Machine Learning in Physics
I taught this class at the TU Wien in Spring 2021. It is an introduction to basic
machine learning techniques, with extensive formal justification, and applied to simple
problems from physics.
After completing the class, students are supposed to be able to take a physics problem and:
- analyze whether Machine Learning is applicable,
- translate the problem into a suitable optimization problem,
- decide which learning algorithms are suitable for its solution
- program simple routines themselves as well as use libraries where applicable
- understand and verify the results of the learning procedure
The lecture can be roughly divided into three parts:
- Python and Optimziation (exercises 1–3): Since physics undergrads at the
TU Wien learn coding in C++ and not Python, the class starts with a Python crash
course. As exercises that go together with this intro and also are relevant to ML,
we are looking at simple optimization problems and solve them with (accelerated)
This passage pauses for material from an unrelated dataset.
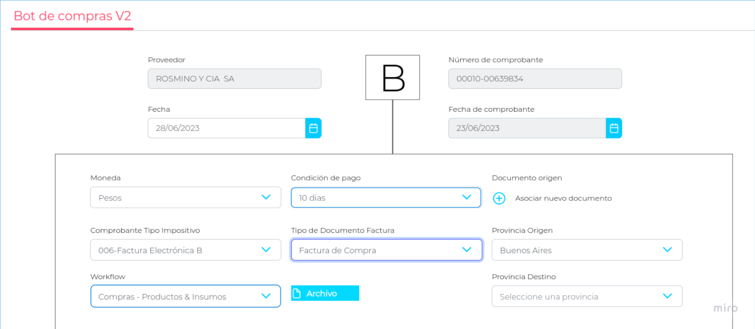 - Bot de Compras valida la existencia de las facturas de compras, respetando el formato de número de comprobante de AFIP, compuesto por: Código de Tipo de Comprobante (1 letra) + Punto de venta (5 dígitos) + Número de Comprobante (8 dígitos) → Ejemplo: A-00001-00001234.

gradient descent or Newton's method.
- Linear models (exercises 4–7):
This is the centrepiece of the class. I am introducing the “scientific method for machines”,
i.e., the machine learning workflow, and we are going to run through it multiple times while cranking
up the complexity.
The core analysis technique used is the singular value decomposition. We use it to prove the
bias–variance tradeoff and perform convergence analysis for gradient descent.
- Advanced models (exercises 8–11):
Here we construct artificial neural networks by building them up from logistic models, which are
We then move to unsupervised learning, to make sure that students have seen another paradigm
than supervised learning. We can reuse our SVD analysis to construct low-rank approximations, which
concludes the class.
The idea of this class is a little different from your usual shiny happy pictures class on machine learning:
there is a heavy focus on simple models, in particular the linear model, and rigorous analysis.
There are three reasons for this:
- The linear model can be used to justify a lot of the “common wisdom” in machine learning
rigorously and at same time pedagogically. I found that actually being able to understand and prove, e.g.,
convergence behaviours is as important as observing it in-the-wild.
- From my experience, students approach a machine learning problem in physics from “the wrong end”,
i.e., by throwing the most sophisticated model at it without much a-priori analysis instead of doing
sophisticated a-priori analysis and then start with the simplest model that is reasonable.
- The convex cost functions means linear and logistic models are straight-forward to train. I found writing
simple training codes yourself greatly helps “demystifying” machine learning libraries.